Sandra in Double Bunk (1961)



By all accounts, Liz's own personal favourite from all the films she made, Double Bunk is just a delight from start to finish. In many ways it's Genevieve by boat and that's not a bad thing. It's charming, innocent black and white fun with a touch of sauce. Starring alongside Sid James, Ian Carmichael and Janette Scott, Liz joins a rather unexpected voyage on a rusty old houseboat. Liz is again working closely with Sid and the pair share tremendous chemistry. She also provides the silver screen with one of the sexiest and yet most innocent strip teases in order to pinch some petrol from fiendish cad Dennis Price. Double Bunk is light and frothy and fairly inconsequential but it wins through on bright, breezy charm and the cosy familiarity of a bunch of actors who get on well in real life having a hoot together in the studio.

Margery Harper in The Professionals: Backtrack (1979)
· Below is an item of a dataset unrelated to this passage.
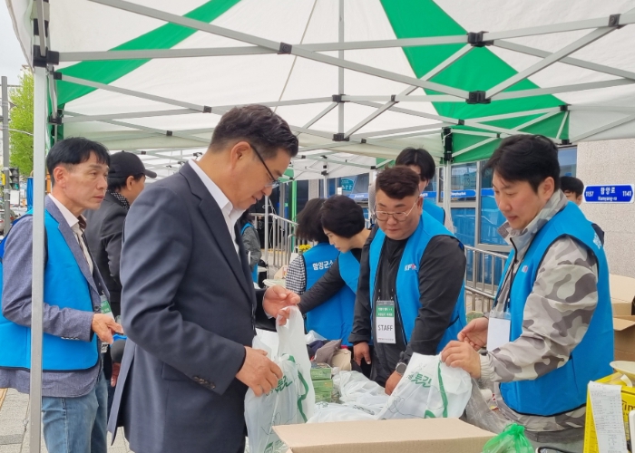 [무한뉴스=최진수 기자] 함양군소상공인엽합회는 4월 22일 함양읍 동문사거리 농협은행 앞에서 ‘만원의 기적 1+1 이웃돕기 바자회’를 열었다.

With the British film industry in severe decline by the late 1970s, actors like Liz were appearing more often on television. The Professionals, an action adventure crime fighting series featuring heightened violence and focussing on the negative aspects of Britain in the 1970s, may not immediately feel like the right home for an actress like Liz but her appearance is an utter joy. The Professionals, starring Gordon Jackson, Martin Shaw and Lewis Collins as leading members of CI5, although a hard-hitting drama, also featured many moments of surreal humour. As blowsy antiques dealer cum fence Margery Harper, Liz shines in an over the top performance of high camp, tight flared trousers and buckets of green chartreuse. Helping out agents Bodie and Doyle, Liz's Marge takes more than a shine to Shaw's Ray Doyle while making several hilariously snide asides to the brutish Bodie (Collins). It's camp, knowing and Fraser is obviously having a whale of a time. Where else can you find Liz Fraser screeching around Kensington in the middle of the night, dressed in furs in the back of a big American car? Wonderful stuff.

Mrs Brent in Miss Marple: Nemesis (1987)



Joan Hickson was the definitive Miss Marple. Her BBC adaptations from the 1980s and early 1990s are just the best. For me, they'll never be surpassed. They always boasted a superb cast of supporting actors and Nemesis is one of the best. Liz appears in just one scene in this feature length drama, playing a grief-stricken mother fond of a tipple. As Mrs Brent, Liz shares one small but powerful scene with actor John Horsley's Professor Wanstead. Mrs Brent's daughter Nora has disappeared and is presumed dead. Although initially bright and cheerful in her respectable 1950s semi, as Wanstead starts to ask questions, Mrs Brent's face slowly cracks and the emotion is palpable. Liz achieves this excellent emotion by completely underplaying it and the tears she sheds are very real. As her character sips her orange squash laced liberally with gin, the facade slips. This role remained a favourite of Liz's and you could tell she was very proud of it, even though it was the subject of two frequent quips. The first, that she loved it as it provided regular royalty cheques from the BBC and the second that the day after it was first broadcast a woman stopped her in the street to commend her saying, "I didn't know you could act!" 

That was Liz though. There was a spiky bluster to her but you could tell she had a heart of gold. She was proud of some of the roles she played, less so of others. She was a realist and took jobs because she both enjoyed the work and needed to work. I hope she would approve of my choices here and I hope you'll agree she was right to be proud of each and every one of them.